Quitting!
Giving up!
That’s right! You heard it here first folks! I will not be finishing this through-hike!
*GASP*
Well,
I will be finishing it!
In fact I am quite close to being finished with it.
I think it’s safe to say my finish line falls just a bit short of the supposed “real” finish line is all.
“WHY?!?!?!?!?”
I try, in the spirit of integrity, to be honest with those who ask about my place on the trail and my journey overall. I think I say something different every time; my excuses are housed safely in my knees, feet, left shoulder (oddly enough) and bank account. I take refuge from the bombarding queries, tinged with smugness and the looks of disingenuous disappointment, given away by upturned dimples and raised eyebrows.
I think my effort to spit out the words,
“I’m just… ready for something…else,”
requires more courage than having ever started this trail in the first place.
Someone I barely know, presumably sprawled on a comfy sofa, tip-tap-typed the following message to me just today,
“You haven’t really made it very far, I hate to break it to you, hun.”
!!!
Hun!
!!!
Te Araroa is a 3028km through-hike and when I said I was going to do the whole bloody thing, I bit off more than I could chew! I’ll say it!!!
Okay?!?
Maybe it’s the kilometers to miles thing!
Idk!
What is it about quitting, moving on, changing plans, giving up, failing that keeps us doing things we do not any longer enjoy doing?
Or
keeps us from doing things we would rather be doing?
It’s the judgement, right?
I began this journey to be free from judgement — to move lightly, with anonymity, and find out what makes me. I found freedoms and I also found limitations and now, my body yearns for rest and my mind wants to settle, integrate, and reflect.
And because I can, I will honor those desires.
Because I can.
Because so often, my body and mind want things and I say, the way you would to a child who could not possibly know what is best,
Maybe later
and then later never comes
And She feels neglected
And maybe you wake up a little sick and achey
Or maybe you go a whole day without saying thanking Goodness for the fresh air and the clean drinking water
And then before you know it, She stops asking for anything at all
And She becomes a stranger
And you become two floating halves, never whole, always wanting, never satisfied.
…
Dramatic, I know! But I have to justify this failure somehow!
A lesson from the trail herself: just do the thing now
So now
I am going to find a beach
And retire these damn Hokas
Things I’m looking forward to:
Buying the big kombucha
Swimming in saltwater
Getting a pedicure
Starting by yoga teacher training (!)
Baking something
Wearing jeans
Wearing a T-shirt
Not wearing shoes
Buying a loaf of Vogel’s
Watching something on Netflix
I affirm: It is okay to seek ease. I am still brave.
xx
P.S. I just know one day I’ll think it was so silly that these material, comfortable wants were on my mind when there was this great big trail ahead of me. I hope future me is more compassionate than present me; I hope she trusts me. Regrets are never worth their weight.

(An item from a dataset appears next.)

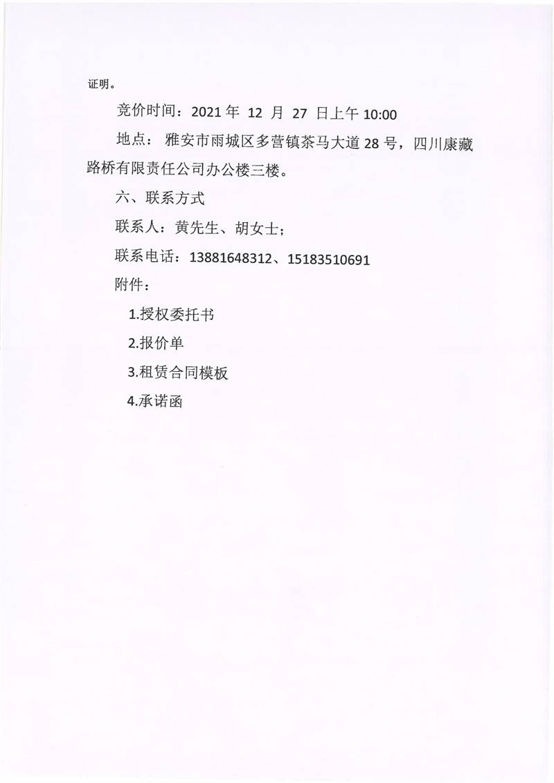 四川康藏路橋有限責(zé)任公司關(guān)于雅安市雨城區(qū)多營(yíng)鎮(zhèn)茶馬大道28號(hào)三樓9間辦公用房招租的公告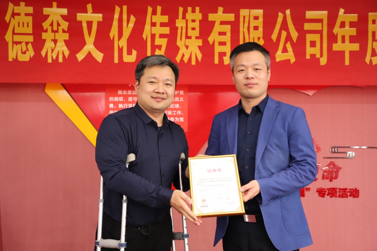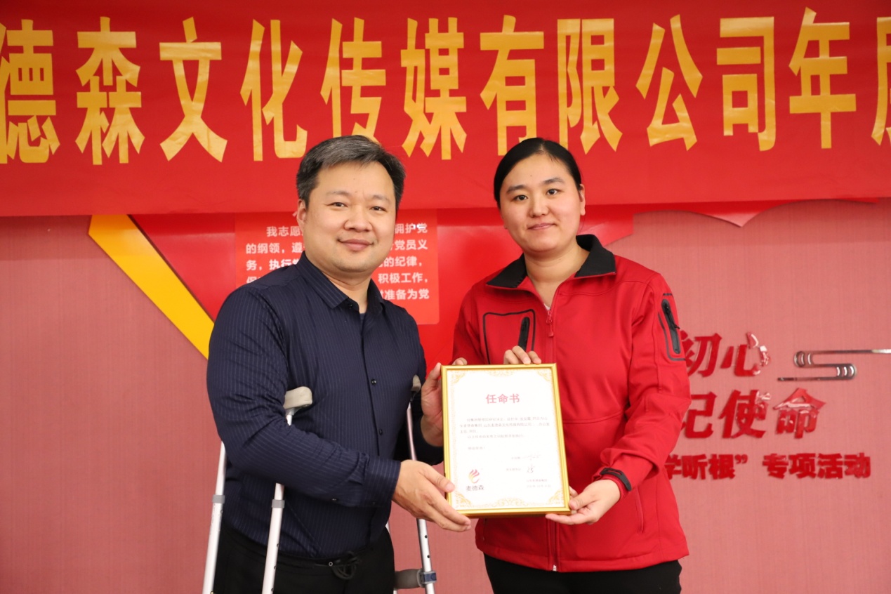 会上,山东麦德森文化传媒有限公司总经理张永华、出版印刷中心总经理闫金峰作年度总结。集团总经理张天君宣读了山东麦德森文化传媒有限公司机构改革方案及有关人事任命决定,集团党支部书记王勇博士为麦德森集团执行董事兼山东麦德森文化传媒有限公司副总经理王兴法、办公室主任张安霞、印刷部主任张盟、排版设计编辑部主任孙静静颁发任命书。

P.P.S. All of this after a dear friend of mine comes all the way down-under-and-a-little to-the-right to visit me! And I get to share with her so many of the places I have fallen in love with! And there is just something about the sharing!
Great Artists Steal
“Our choices are half chance / and so are everybody else’s.” – Mary Schmich in her article, “Wear Sunscreen”
One southbound tramper I crossed expressed to me in explicit honesty, when I was already lower than low, “There hasn’t been one single day on trail where I thought, ‘I’m having fun.” She has not had fun in three months. But she’ll maybe finish! Making it four months! — Is that wisdom? Am I too young to get it?